Mathematics doesn’t substitute for genuine insight or knowledge of the real world, but it is necessary if economists are going to craft logically coherent models of complex phenomena. While many mathematical models failed to predict the current downturn, plenty of non-mathematical seers also failed. If we ever do come to understand the vicissitudes of asset markets, that understanding will come in the form of formal mathematical analysis, ultimately inspired by Samuelson.
Glaeser's eulogy also hints at how the time may be ripe for a revision to Samuelson's Foundations:
If people can rank outcomes in terms of their desirability, and if they choose one outcome over another, then people have preferences. (Who can disagree with that?) And if, as Samuelson taught us, those preferences follow a few simple rules, then human behavior can be described with a utility function. That conclusion allows economists to turn to Newton and optimization theory.
The principle of revealed preferences results in a mean-field approximation of individual preferences. The incremental step beyond mean-field theory is gauge theory, and this is why the Coase Theorem and New Institutional Economics are more relevant now than neoclassical theory. What NIE has lacked thus far is a theoretical foundation equal in rigor to the foundations Samuelson laid for neoclassical theory.

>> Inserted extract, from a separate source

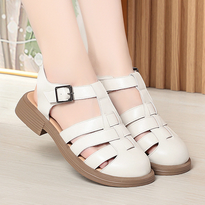 撤柜夏季一字带镂空真皮包头凉鞋女粗跟软底浅口百搭妈妈鞋大码平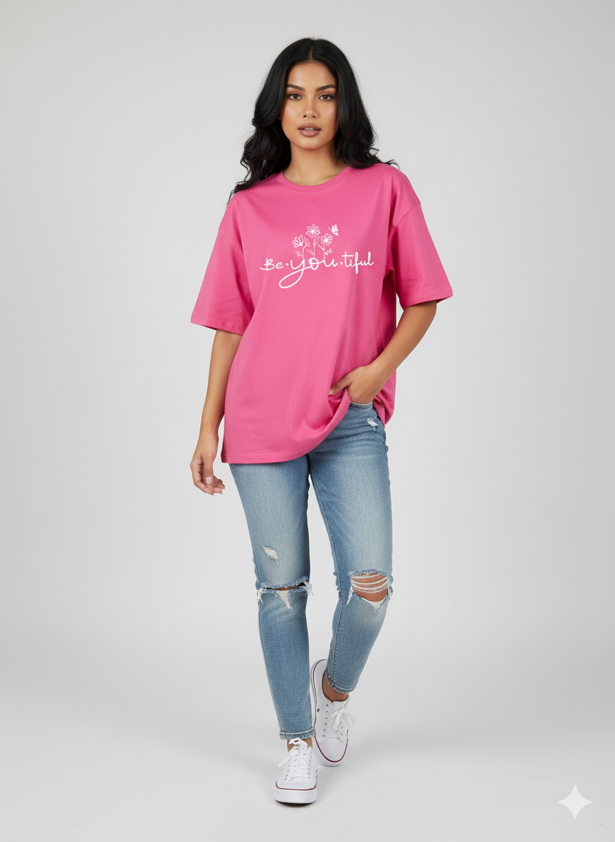 Tags: aesthetic tee, beyoutiful, bubblegum pink, butterfly, casual top, comfort wear, empowering tee, floral print, Graphic Tee, Inspirational, Motivational, oversized, Pink T-shirt, positive vibes, script font, self love, unique beauty

Samuelson was like Newton also in that he brought his gifts to bear on solving practical problems for his country. Newton completely redesigned the Royal Mint, caught some of the worst counterfeiters, and advised on how to end a 17th century version of the carry trade, which was draining England's royal coffers. Samuelson led the Federal Reserve through several financial crises and advised countless students in high places on economic issues that affected billions of lives.
Not everybody makes this big a dent in history.